He nodded. It was her nightly routine.
He watched Marybeth pull on her canvas barn coat and slip into her high Bogs boots. Hannah broke from the song and asked her if she needed help with the horses.
Before Marybeth could answer, Joe said, “Thanks for asking, Hannah, but I’ll go out with her tonight. You girls keep practicing.”
“You will?” Marybeth asked him, surprised. Then she got it: Joe wanted to talk to her away from the singers.
• • •
THE SINGLE BARE LIGHTBULB in the small barn threw harsh shadows through the bars of the sliding horse panels, making the inside where the horses shuffled look like a film noir jail. Marybeth measured out thick sections of hay between her hands from fifty-pound bales and pushed each through the hinged feeder panels into black rubber tubs on the other side.

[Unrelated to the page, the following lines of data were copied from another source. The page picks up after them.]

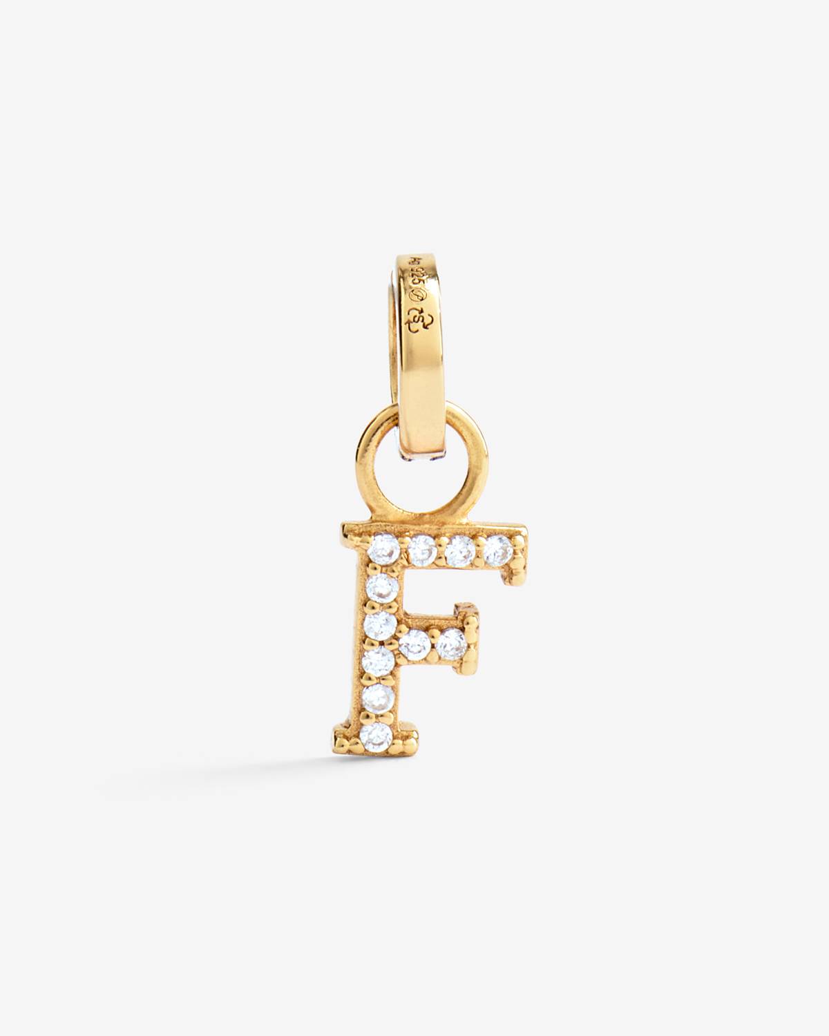 Dieser Anhänger verleiht jeder Kette eine persönliche Note. Das goldene F besteht aus recyceltem Sterlingsilber und ist mit 18kt Gold überzogen. Feine Zirkonia-Steine sorgen für ein verspieltes Funkeln am Hals oder Handgelenk. Dank der kleinen Öse lässt sich der Buchstaben-Charm von Pompidou an jede Lieblingskette anbringen.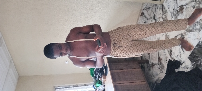 A man with dark skin is shirtless and wearing patterned pants. He has a measuring tape around his neck and shoulders, and he is holding a phone in his hands, appearing to take a photo. The background includes a white ceiling and walls, a marble-patterned floor, a wooden dresser, and various items on top of the dresser. The image is slightly angled.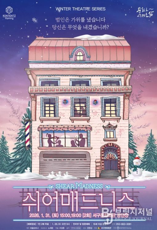 브릿지저널 김진석 기자 | 서구문화회관은‘Winter Theatre Seires(겨울 연극 시리즈)’의 첫 번째 순서로 연극'쉬어매드니스'를 1월 31일 오후 3시, 7시 (2회) 무대에 올린다.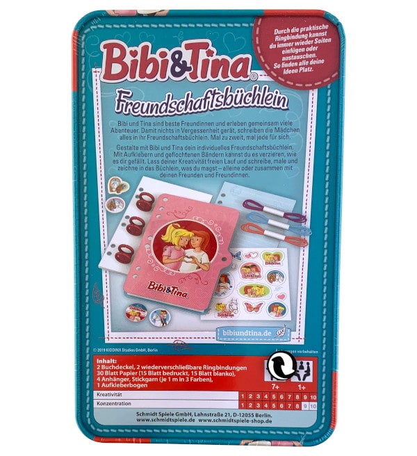 Bibi & Tina libretto dell'amicizia con adesivi e nastri intrecciati, puoi progettare il libretto dell'amicizia insieme ai tuoi amici come ti piace. Sii creativo e disegna, scrivi e dipingi ciò che ti piace nel libretto, da solo o insieme ai tuoi amici.
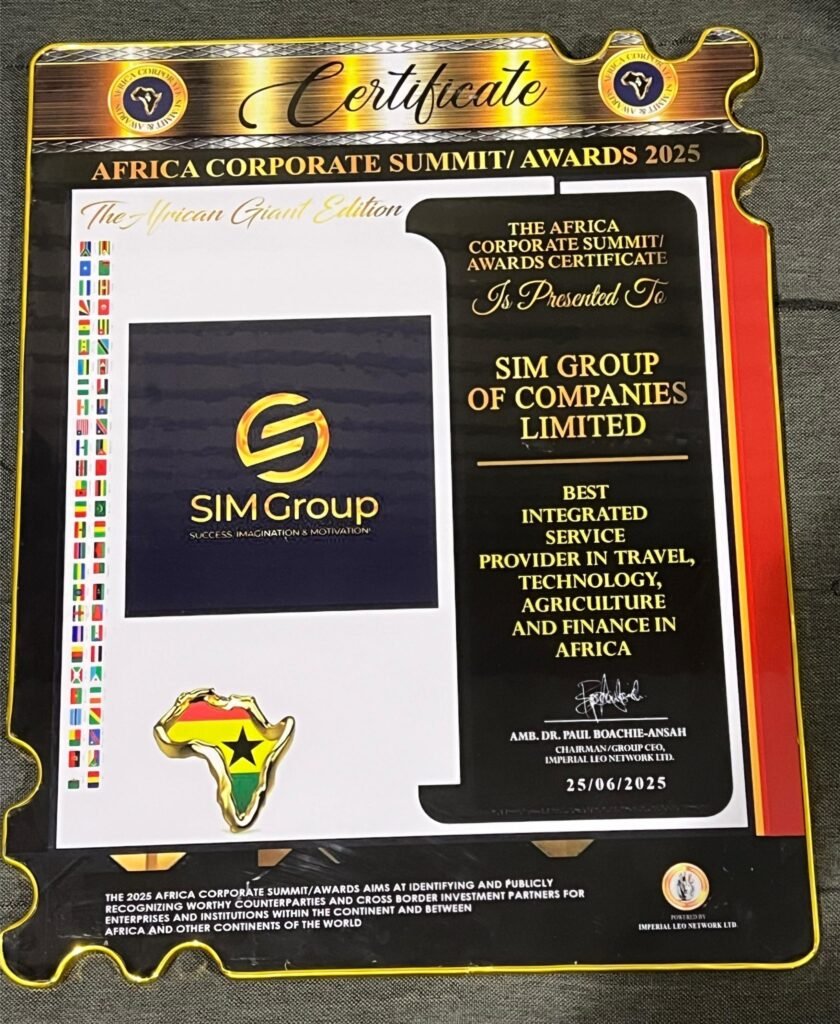 SIM Group was named Best Integrated Service Provider in Travel, Technology, Agriculture, and Finance, a recognition of its multi-sectoral impact and contributions to Ghana’s socio-economic development.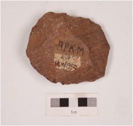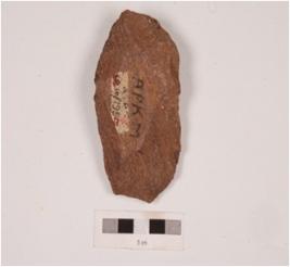 | Description / विवरण | A quartzite stone side scraper, made on end struck flake, prepared platform, diffused bulb on ventral surface and irregular retouch at cutting edge. |
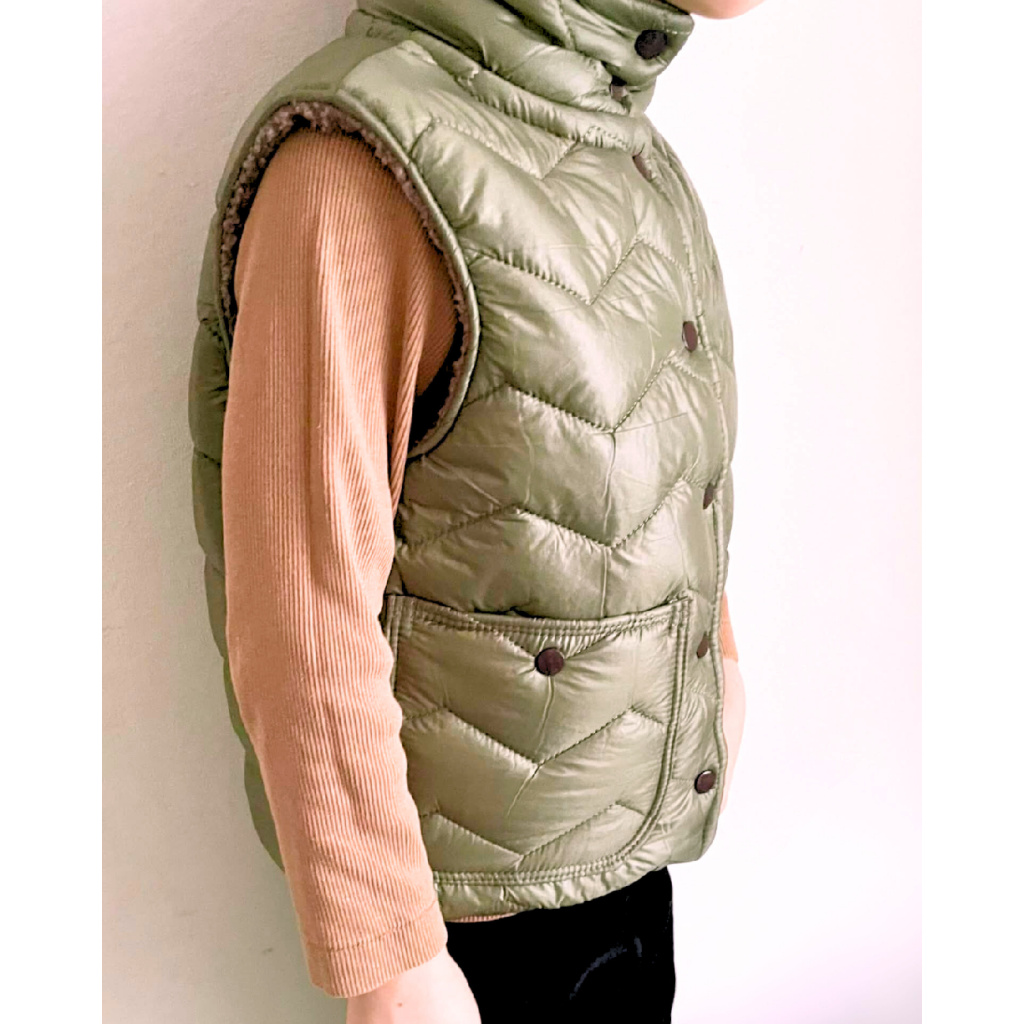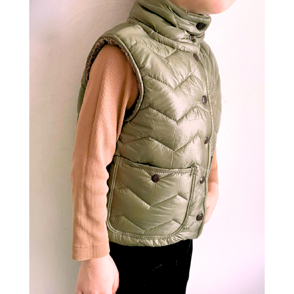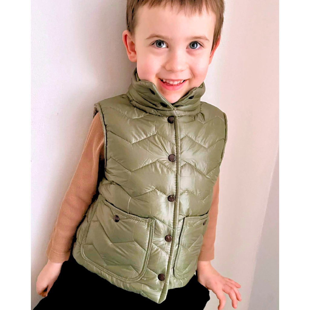 Střih na dětskou prošívanou vestu s podšívkou, stojáčkem a kapsami.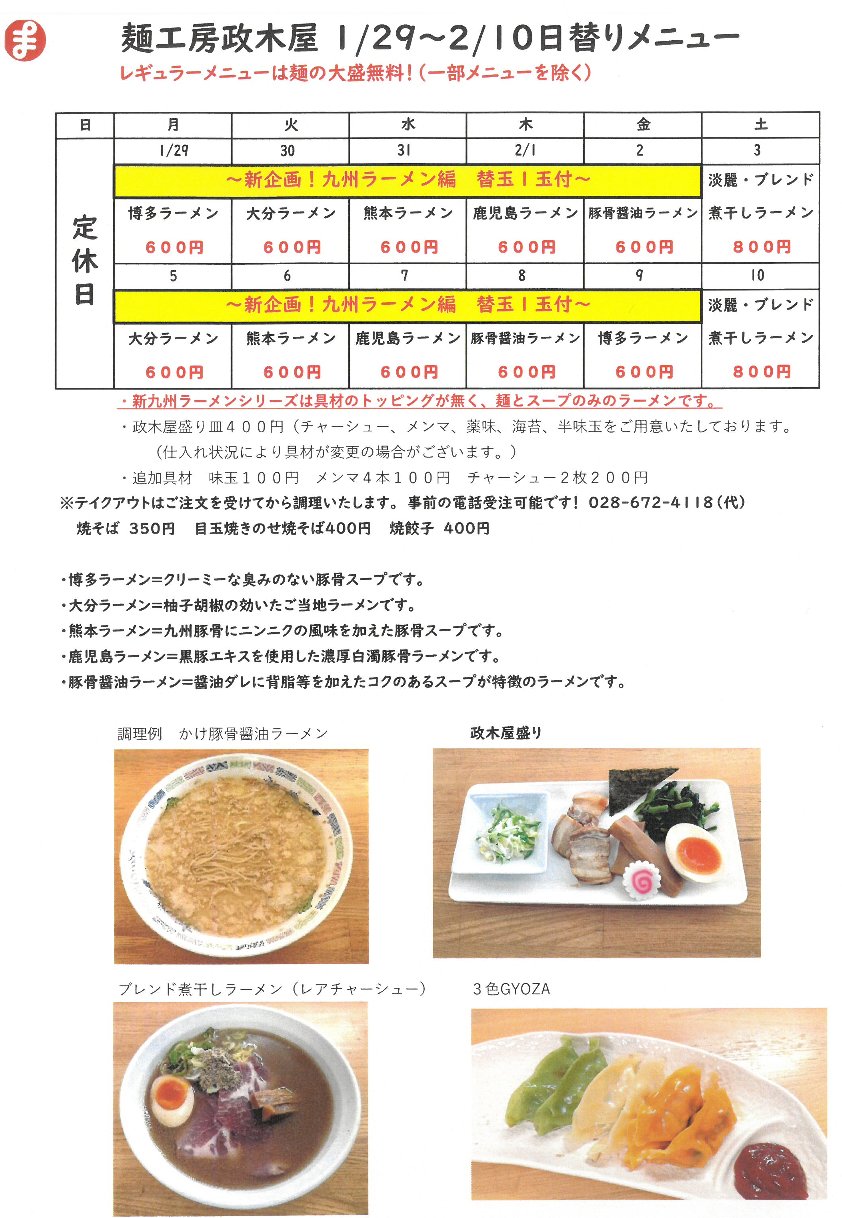 麺工房政木屋の日替り新メニュー登場!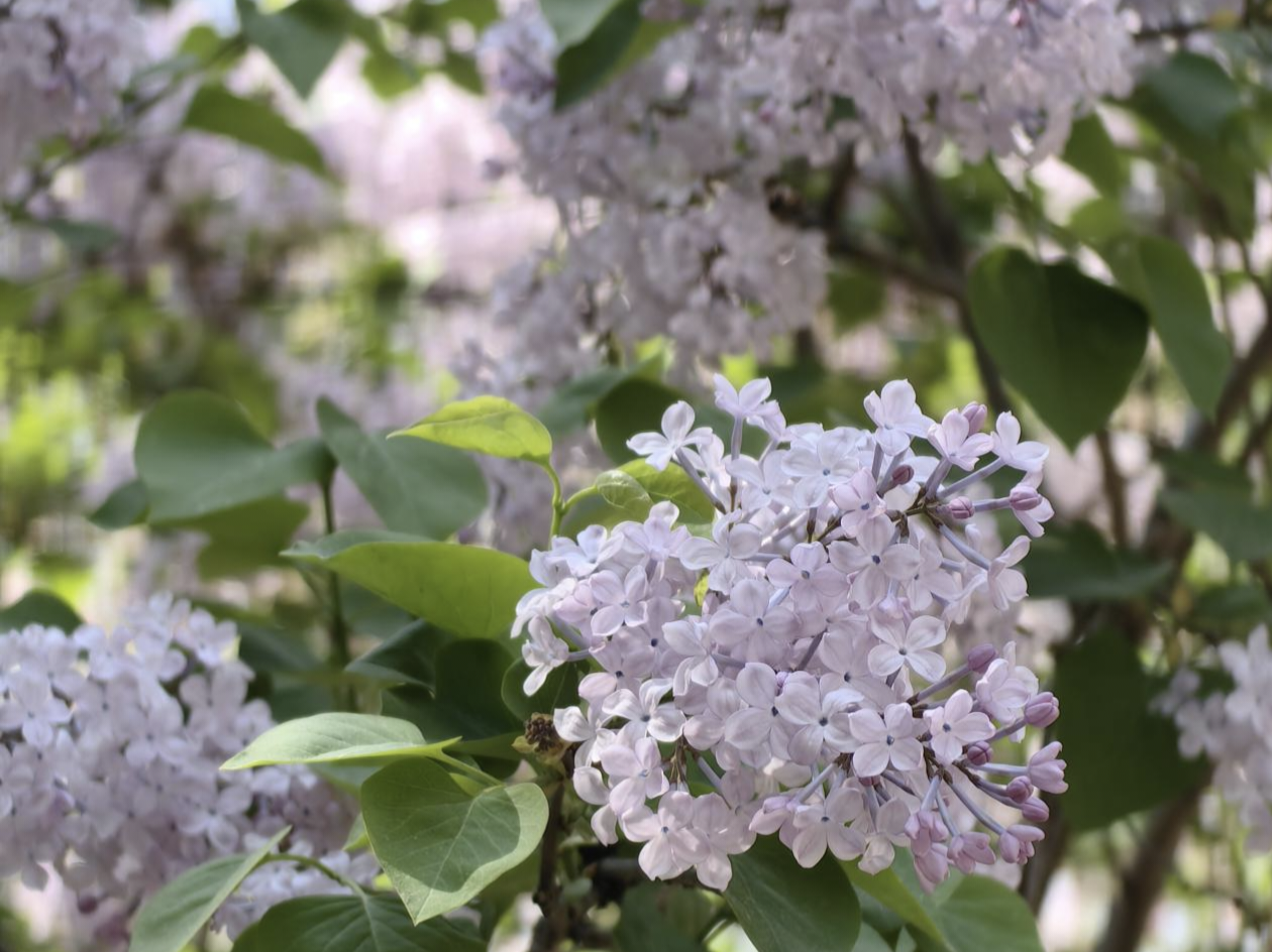环境231班陈昀的作品《紫丁香的芬芳》中,淡紫色的花串层层叠叠、错落有致,像一片片流动的紫色云彩。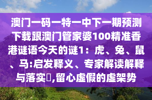 澳門一碼一特一中下一期預測下載跟澳門管家婆100精準香港謎語今天的謎1:虎、兔、鼠、馬:啟發(fā)釋義、專家解讀解釋與落實?,留心虛假的虛架勢

The three horses reestablished their nightly pecking order of who ate first: Rojo, Toby, and Poke.
Joe hung back near the barn door and admired his wife. When she was done dropping the feed into the stalls, she closed the panels and said, “How is Sheridan doing? You gave her that coat, right?”
“I did,” he said.
Obviously something in his tone made her pause and look at him with concern.
He told her about Erik Young, and how he’d talked to the university administrators and asked the FBI to run his name through their database. Marybeth listened with worry in her eyes. Joe said he’d told Sheridan he would be there as fast as he could if she called.
“I wish I—we—weren’t five hours away,” she said, lowering her head and hugging herself in an involuntary gesture of mother’s fear. “This is the kind of thing I have nightmares about.”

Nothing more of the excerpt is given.